Exercise description: In the listing below, the lines starting at the line with "Mẫu MS42 sử" and ending at the line with "گردنبند توت فرنگی صورتی شفاف کد 2287" are to be output verbatim. Images stay out of the copy.

Input records:
»»

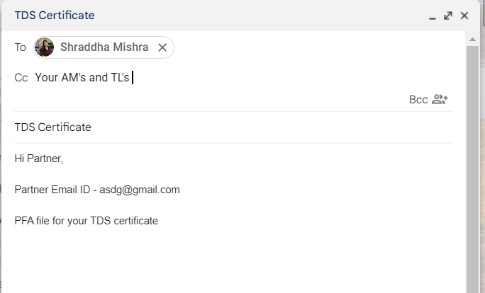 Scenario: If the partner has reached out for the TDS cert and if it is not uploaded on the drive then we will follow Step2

««
»»

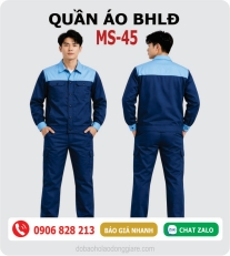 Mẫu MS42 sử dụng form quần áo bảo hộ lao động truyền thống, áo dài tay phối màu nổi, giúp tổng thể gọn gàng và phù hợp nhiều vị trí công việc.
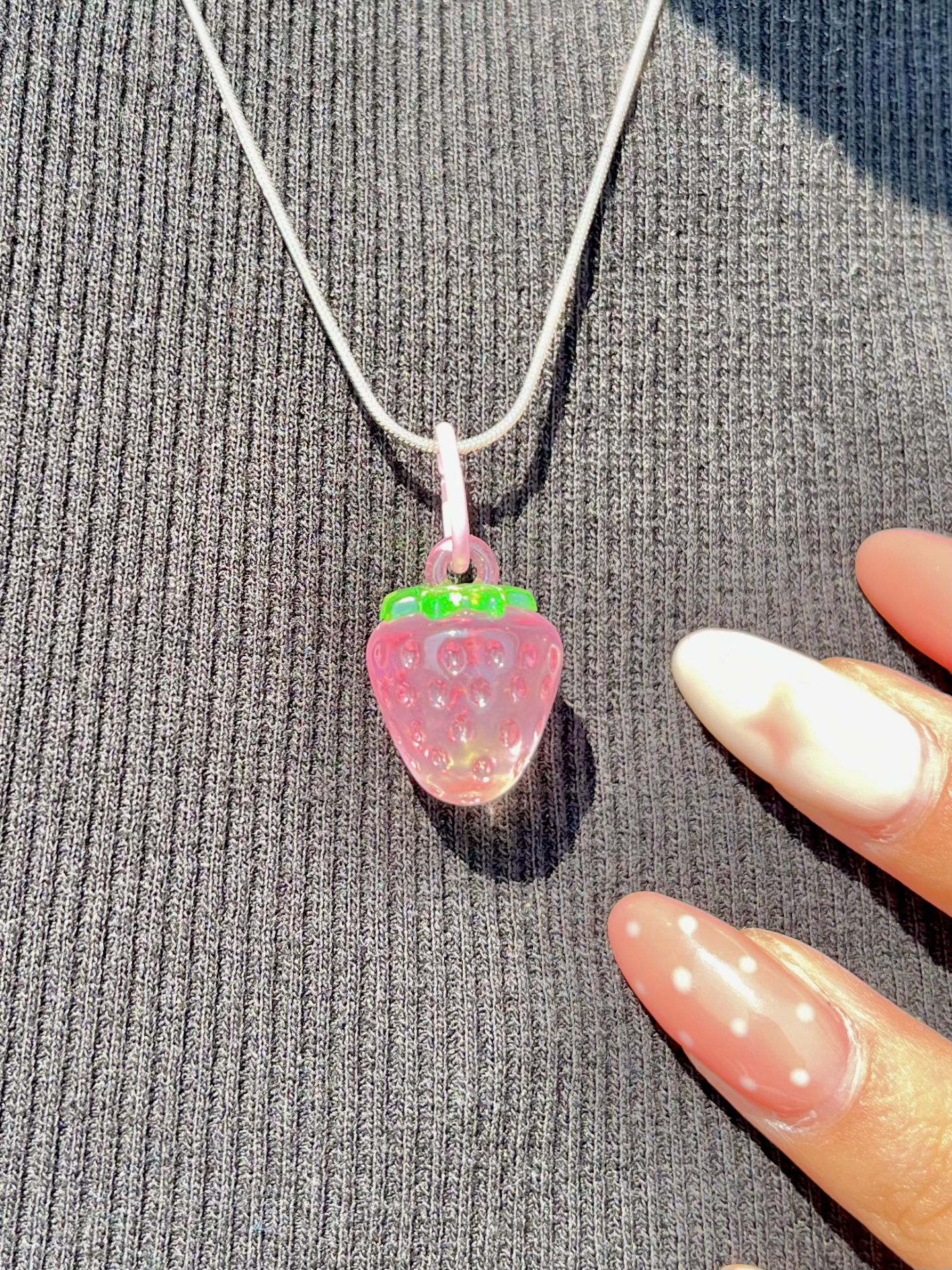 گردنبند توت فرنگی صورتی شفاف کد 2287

««

Finished task:
 Mẫu MS42 sử dụng form quần áo bảo hộ lao động truyền thống, áo dài tay phối màu nổi, giúp tổng thể gọn gàng và phù hợp nhiều vị trí công việc.
 گردنبند توت فرنگی صورتی شفاف کد 2287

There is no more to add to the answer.